Wednesday, November 28, 2007

Breakdown

No NOT me....

Today out of a suddenly at work, i heard sobbing sounds behind me, I turn back to see my cubicle neighbour balling out. I didn't dare go to him and ask.. whats wrong. He sob sob sob.. then he stopped. I then msg him and asked are you ok?

he said he is emo. Just yesterday he told me that he has been diagnosed with chronic depression. When I asked the dr diagnosed you? he said no i told the DR that. On Monday he was on Medical.

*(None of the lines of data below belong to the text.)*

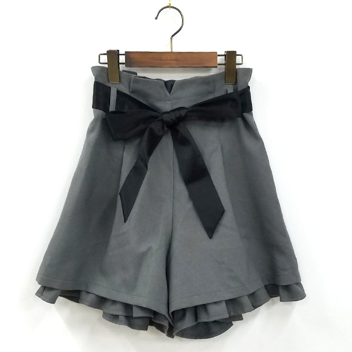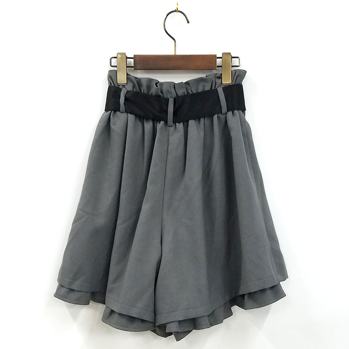 リボンデザインのベルト、裾のフリルがガーリーなフレアキュロットです。ハイウエストのデザインで、インスタイルもおすすめです。
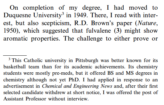 For reasons that will become apparent in a few months (it’s not that exciting), I have spent a lot of today looking at papers associated with the discovery and early structural studies of ferrocene. I have come across wonderful footnotes (and notices) in some journals. Below is one from the Journal of Organometallic Chemistry that I thought I’d share. It’s from an article by Peter Pauson recounting how the story of ferrocene all began. If only it was so easy to get a job these days…! I’ll try and share a few more of these footnotes/notices if I get a chance.
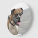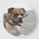 Perro boxeador en la playa con la lengua fuera.
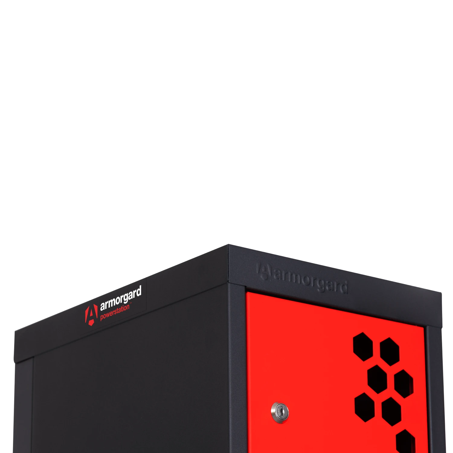 Powered equipment and mobile devices are especially vulnerable to theft when being charged on site. The Armorgard PowerStationâ„¢ provides a new and improved secure battery charging solution designed specifically for low risk batteries. Available as a bank of 6 or 12 secure charging lockers, this segregated system allows you to charge your equipment unattended, confident in the knowledge that it is safe from thieves.
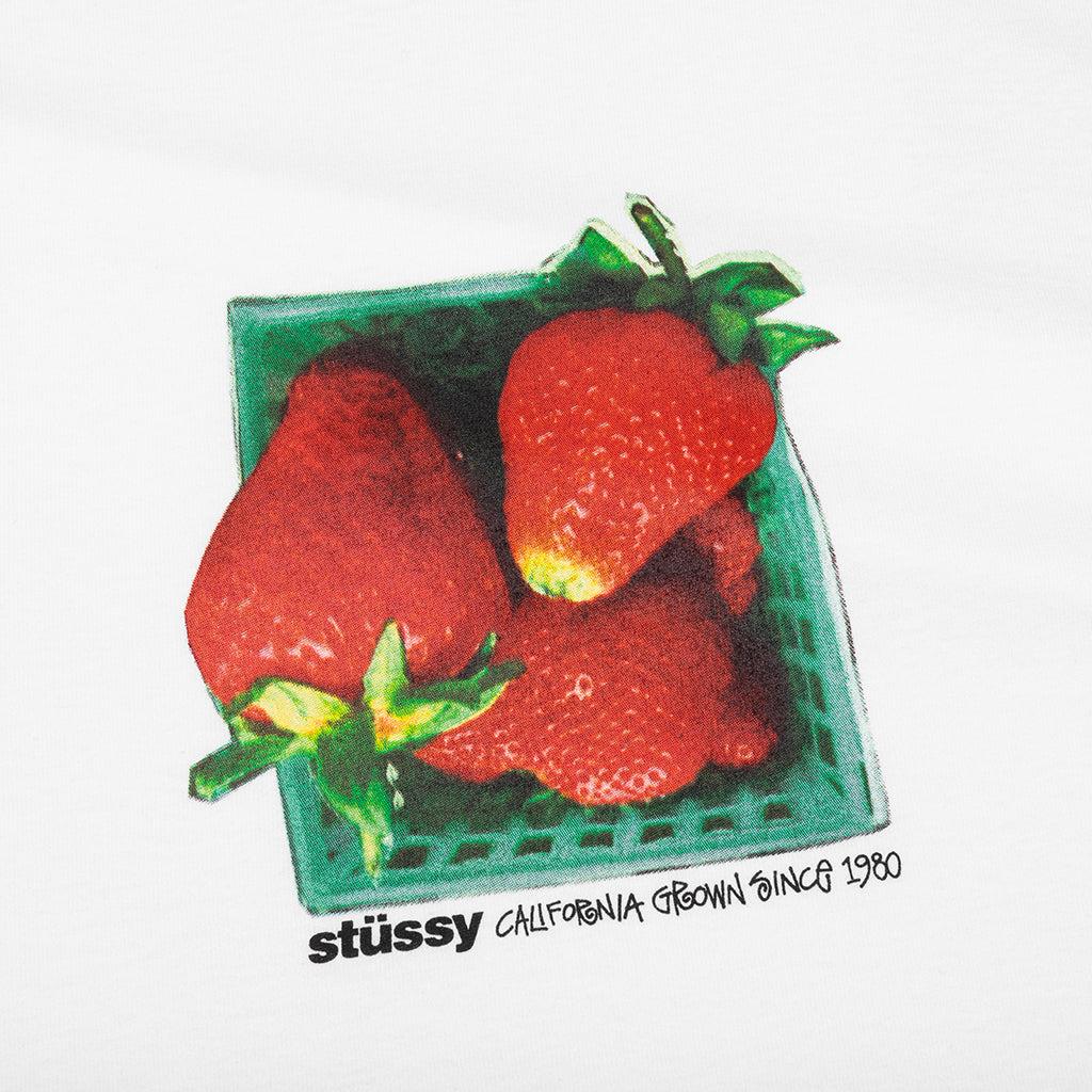 The Berries Tee by Stüssy is made entirely from cotton and features a ribbed crewneck for comfort. Designed to run large, this tee offers a relaxed fit that is perfect for casual wear. A screen-printed strawberries graphic is showcased on the front, adding a stylish touch to your everyday look. 100% Cotton Midweight, 220gsm Relaxed fit Ribbed crewneck Screen-printed graphics Style No: 1905108-WHIT
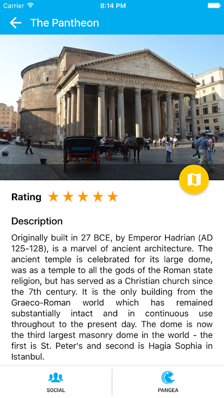 With detailed information of around 20 museums and more than 150 featured attractions along with 1000s of other Points of Interest carefully integrated with every single travel activity, Rome travel is power packed with utilities and information. From Facebook Check-Ins to local event information, offline map to intuitive Augmented Reality experience, we have brought most of the travel activities and application needs to one single app. Save precious travel time rather than switching between several apps and utilities!
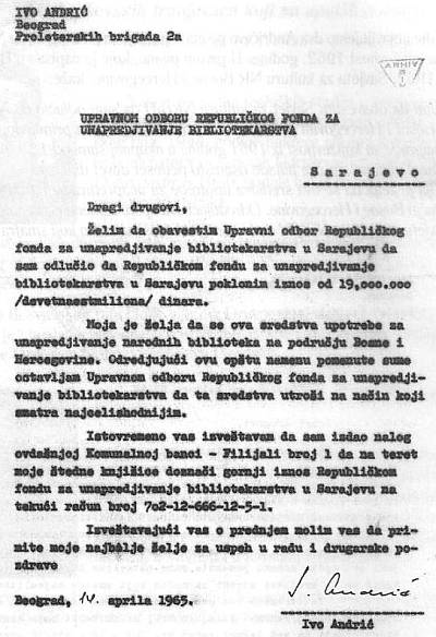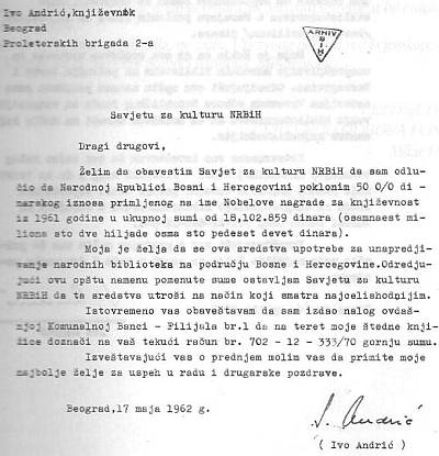 Nagradu je odlučio pokloniti unaprjeđenju bosanskohercegovačkog bibliotekarstva. U pismu koje je u svibnju 1962. godine uputio Savjetu za kulturu Bosne i Hercegovine stoji: „Želim da obavijestim Savjet za kulturu NR Bosne i Hercegovine da sam odlučio da Narodnoj Republici Bosni i Hercegovini poklonim pedeset posto iznosa primljenog na ime Nobelove nagrade. Moja je želja da se ova sredstva upotrijebe za unaprjeđenje narodnih biblioteka na području Bosne i Hercegovine“. Kasnije je Andrić u istu svrhu poklonio i ostatak novca, a što je rekao u svome govoru pročitajte u nastavku …
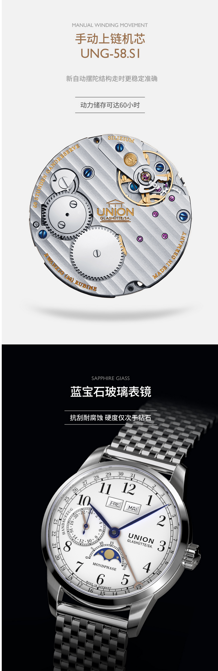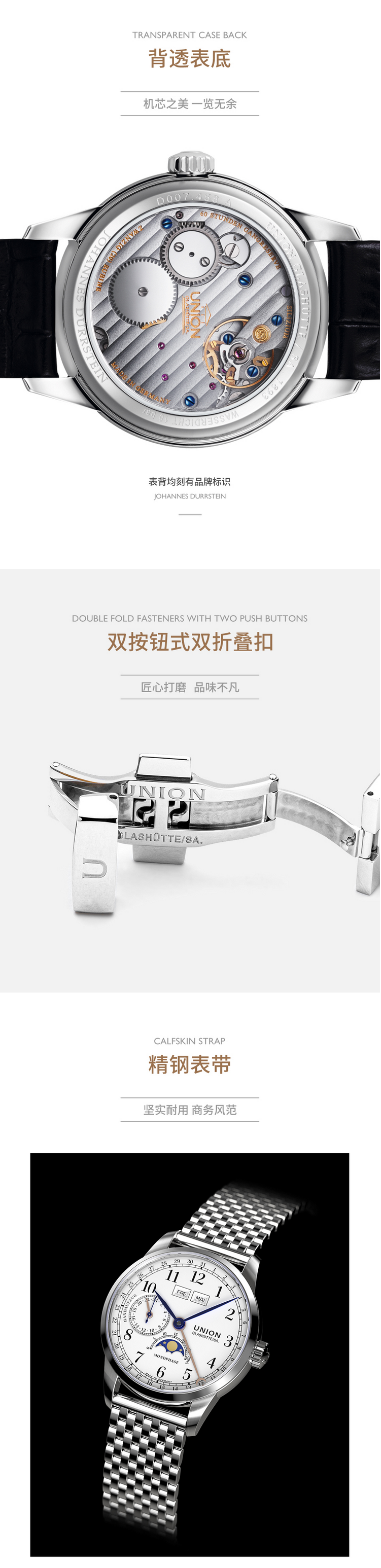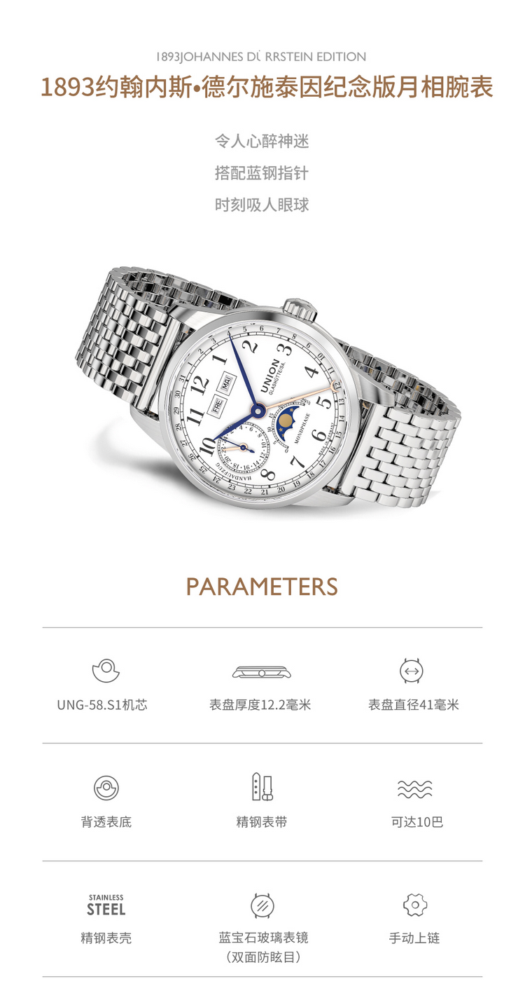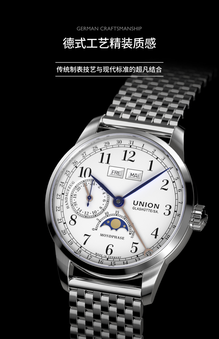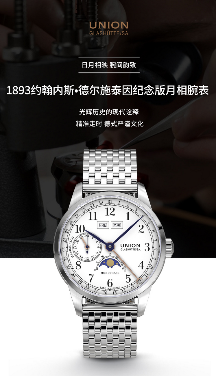 宇联(UNION GLASHÜTTE)德国月相手表 1893纪念版手动上链男士月相钢带腕表 D007.458.11.017.00
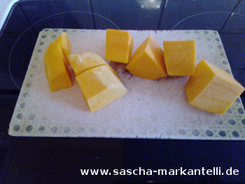 Vom Gewicht her sollte dieser im noch unverarbeiteten Zustand, jedoch aber ohne Kerne und bereits geschält ungefähr 250 g wiegen. Dazu habe ich von den Butternut-Kürbis einfach den obersten Teil der "Birnenform" abgeschnitten (welcher ja kaine Kerne enthält), geschält und dann gewogen. Vom Gefühl her dachte ich dann: "Das wird schon passen". :-)
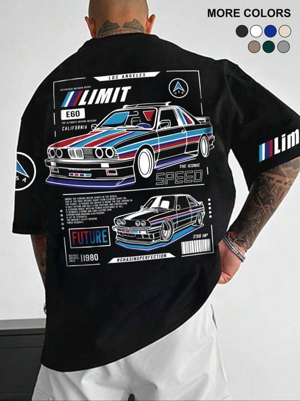 5. Men's Car & Letter Print Short Sleeve Graphic Tee, Regular Fit Streetwear Casual Round Neck T-shirt for Summer, Men's Top for Daily Wear

I have known him for 3 years, starting off in the same team, he joined like 2 months before me. In year 2006, we had a restructure. Our team was disolved and myself and him was pulled together with my super to our current team. Well, what i believe is that our super pulled u to be with her.

For the past 2 years, life hsn't been easy. Let me tell you why. Coz this is not what both our skills are. Eventho he did have abit of skills in this area, his passion is not this. he likes development work. so being in infra side is just not his forte. He like myself have been asking for a movement for 1 year now and the answer given to the both of us are the same. Which is big flat no.

Today he just couldn't contain it any longer and broke down. Also least to say that my super has been hounding him down... kind of pitiful. But I guess his only way out is to leave if he can't stand it anymore coz staying on isn't gonna change anything.

I hope i don't get to that stage too. I feel what he feels coz you're never good enough.. for that someone... who has authority over you. Its sad sad sad.